:: Problem to solve ::
List every line below containing "that".

++++ Data shown

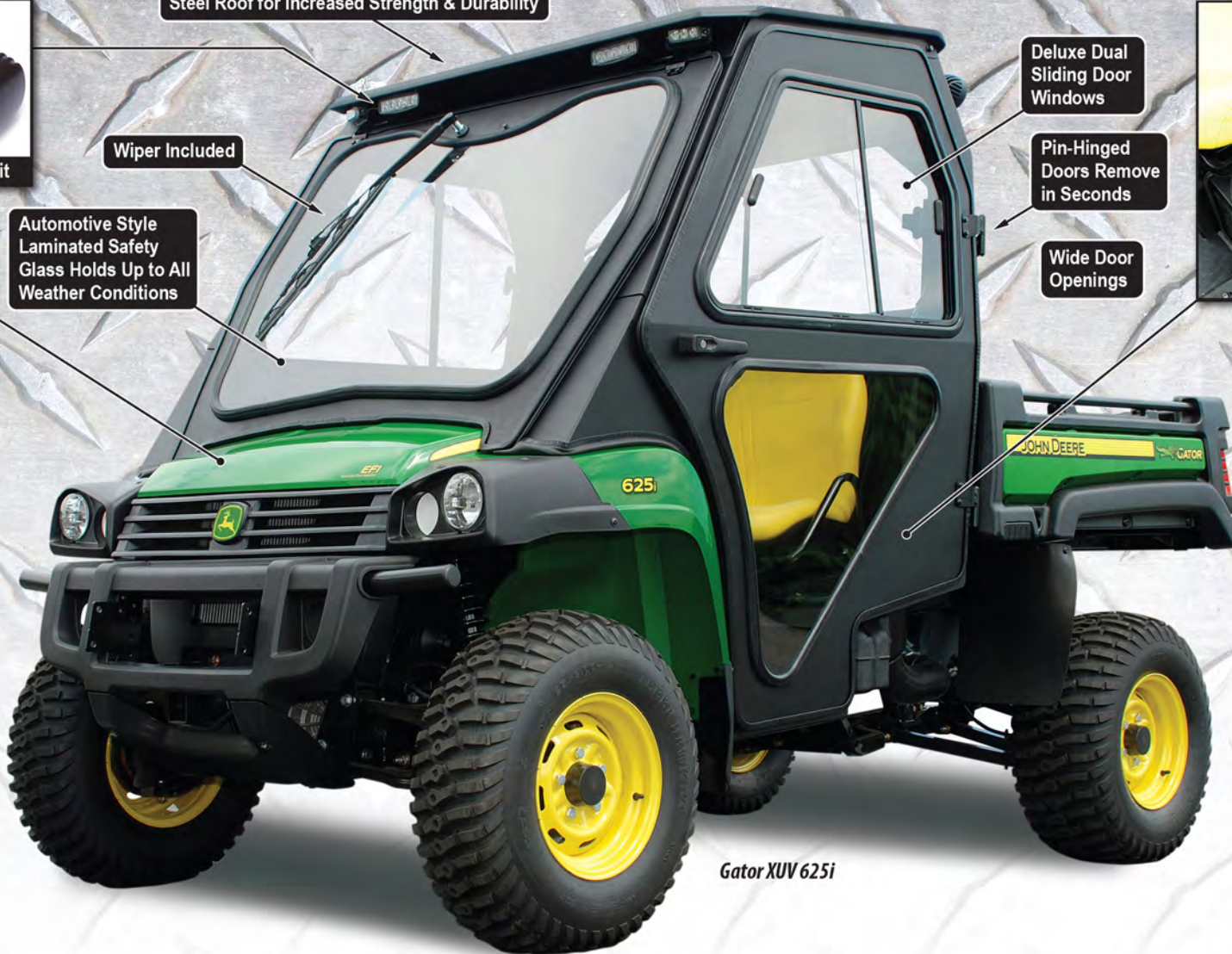
Gator XUV 625i

See Genuine Curtis Accessories for your Utility Vehicle on Page 15
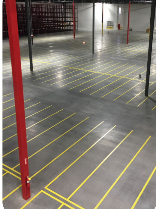
Professional warehouse line striping ensures that space for bulk inventory is maximized in an efficient and effective manner.

Interested in learning more about ID Label's Floor Striping product line? Contact us today for details and free samples.
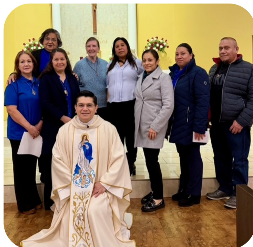
Escuela de agradecimiento San José
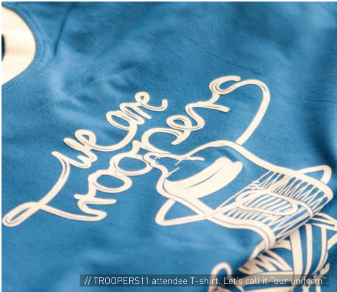
// TROOPERS11 attendee T-shirt. Let's call it "our uniform".
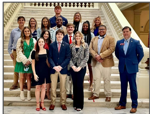
Student Council Visits State Capitol
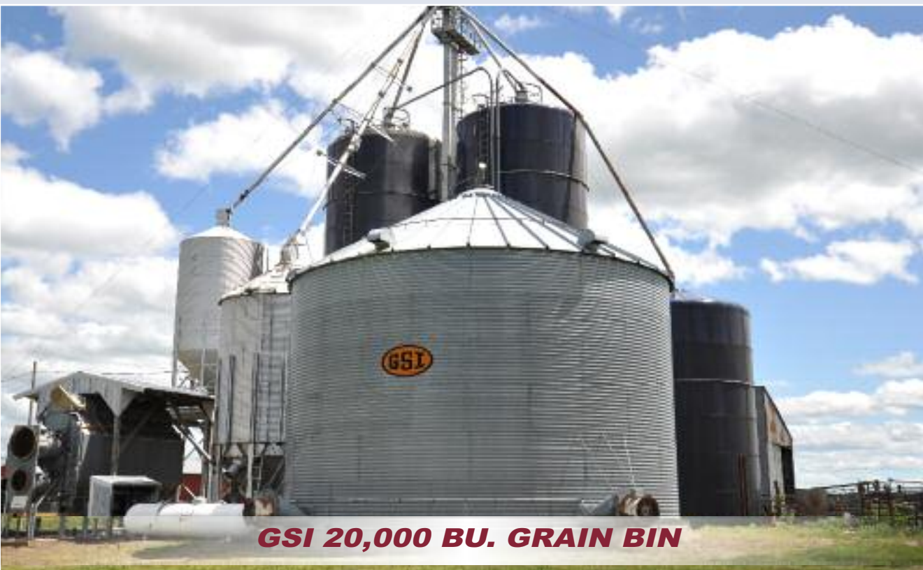
GSI 20,000 BU. GRAIN BIN
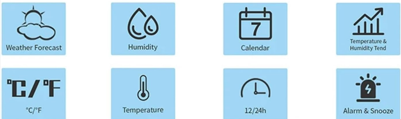
Image: Dimensions and Feature Icons. This image provides the physical dimensions of both the main weather station unit (172mm x 132mm x 23mm) and the wireless sensor (126mm x 43.2mm x 23.6mm). Below the dimensions, a series of icons visually represent key features: Weather Forecast, Humidity, Calendar, Temperature & Humidity Trend, °C/°F, Temperature, 12/24h time format, and Alarm & Snooze.
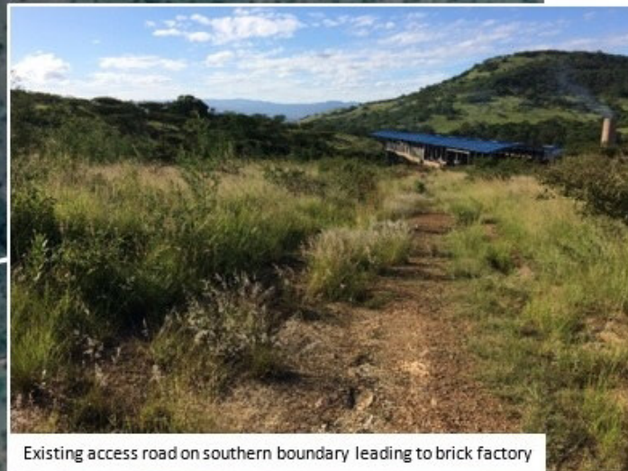
Existing access road on southern boundary leading to brick factory
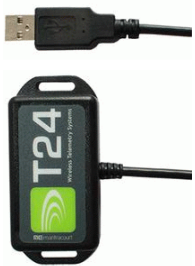
T24-BSu Wireless USB connected base station
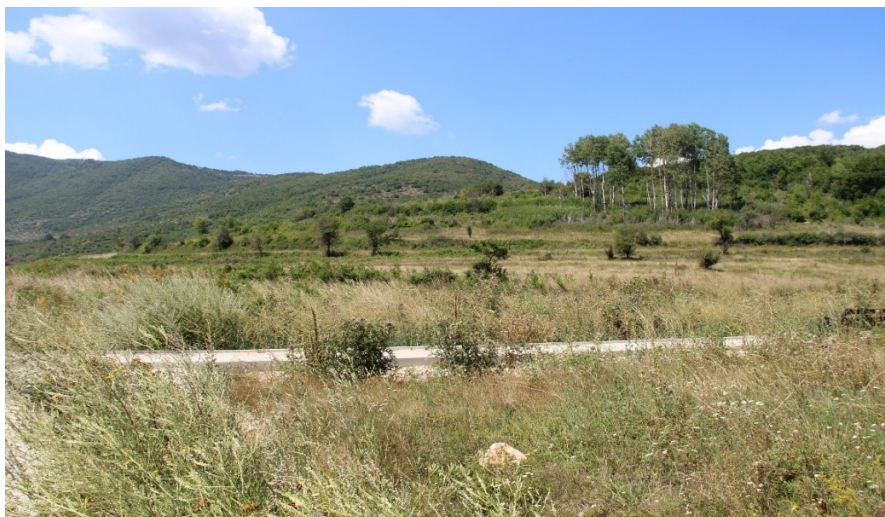
Fig. 3. Habitat of Euphyia biangulata at the locality Brezne (1064 m), photograph by PB, 23 July 2022.
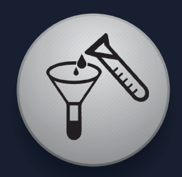
Medical & Laboratory Equipment
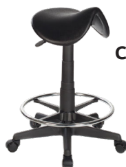
HS A : 16" C : 18"- 23"
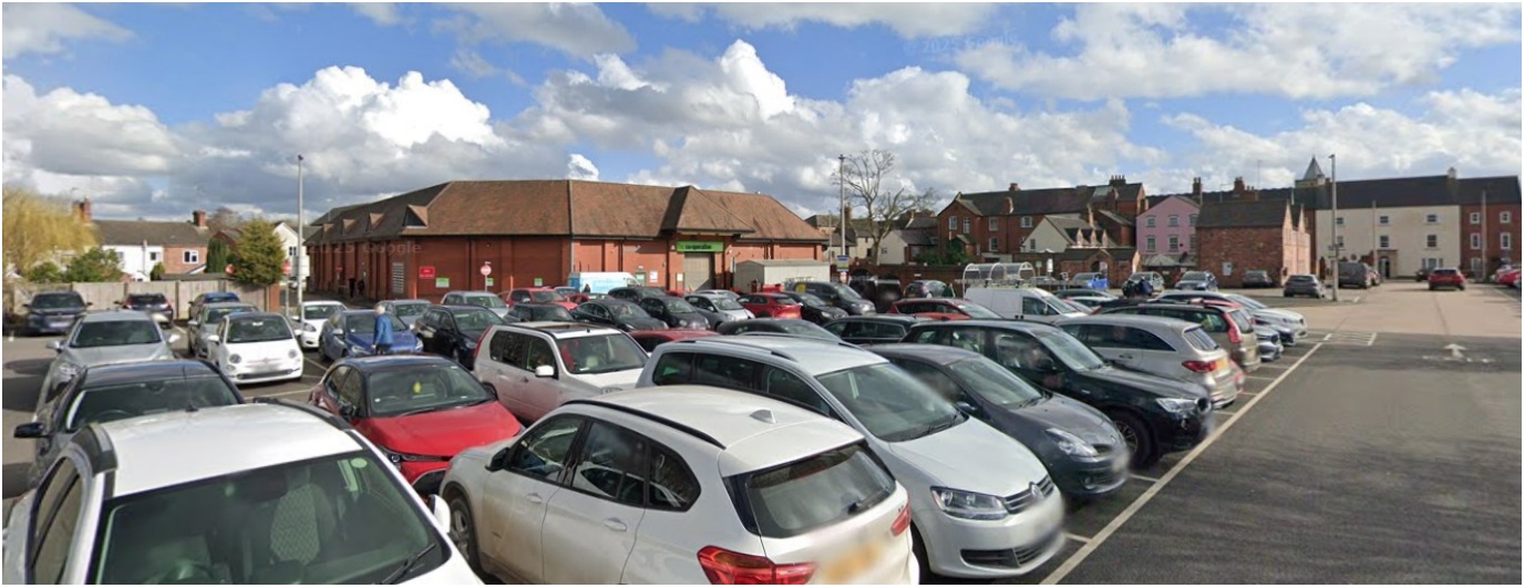
Rear of store and Parking
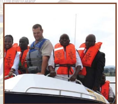
The new dam monitoring boat in action at the Nandoni dam

In conclusion the Deputy Minister said “I feel very strongly that our department, local government, education, health, human settlement, agriculture, community and traditional leaders and all water services stakeholders will continue to engage one another in dealing with issues of water service improvement because : TOGETHER WE CAN DO IT ”
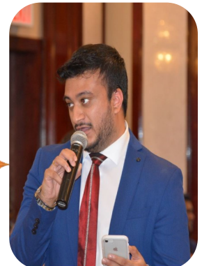
Announcements and Vote of Thanks
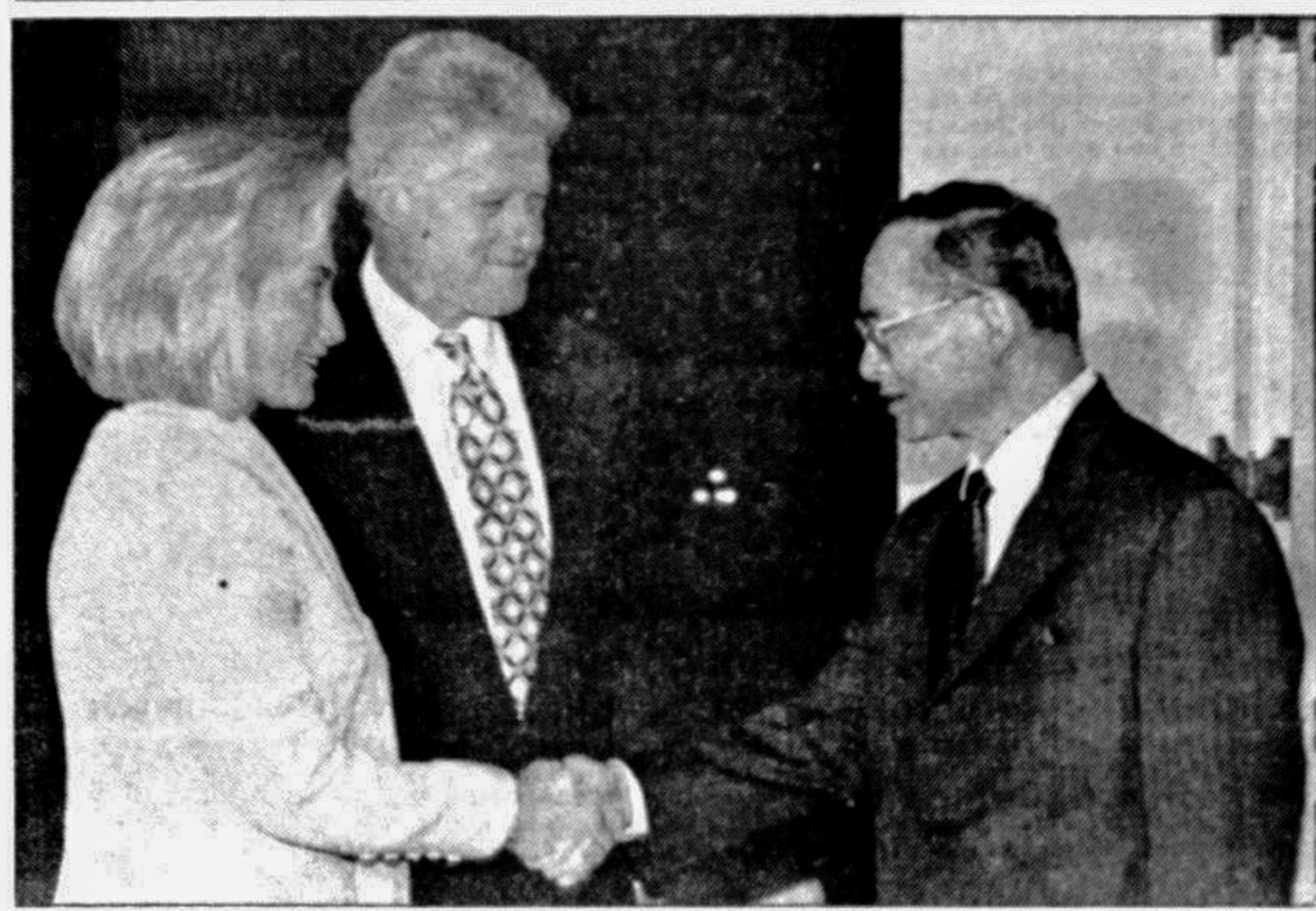
Thai King Bhumibol Adulyadej (R) welcomes US President Bill Clinton and First Lady Hillary Clinton at Chitlada Palace on Monday. Clinton was on a 26-hour trip to Thailand, the first by an American President in 27 years.

PLEASE CONTACT BANGLADESH AIR EXPRESS INT'L LTD. Head Office: 9585114, Fax: 9565112, Gulshan: 987771, Chittagong: (031) 712127, Khulna: (041) 25008

++++++++

:: Output of the task ::
Professional warehouse line striping ensures that space for bulk inventory is maximized in an efficient and effective manner.
In conclusion the Deputy Minister said “I feel very strongly that our department, local government, education, health, human settlement, agriculture, community and traditional leaders and all water services stakeholders will continue to engage one another in dealing with issues of water service improvement because : TOGETHER WE CAN DO IT ”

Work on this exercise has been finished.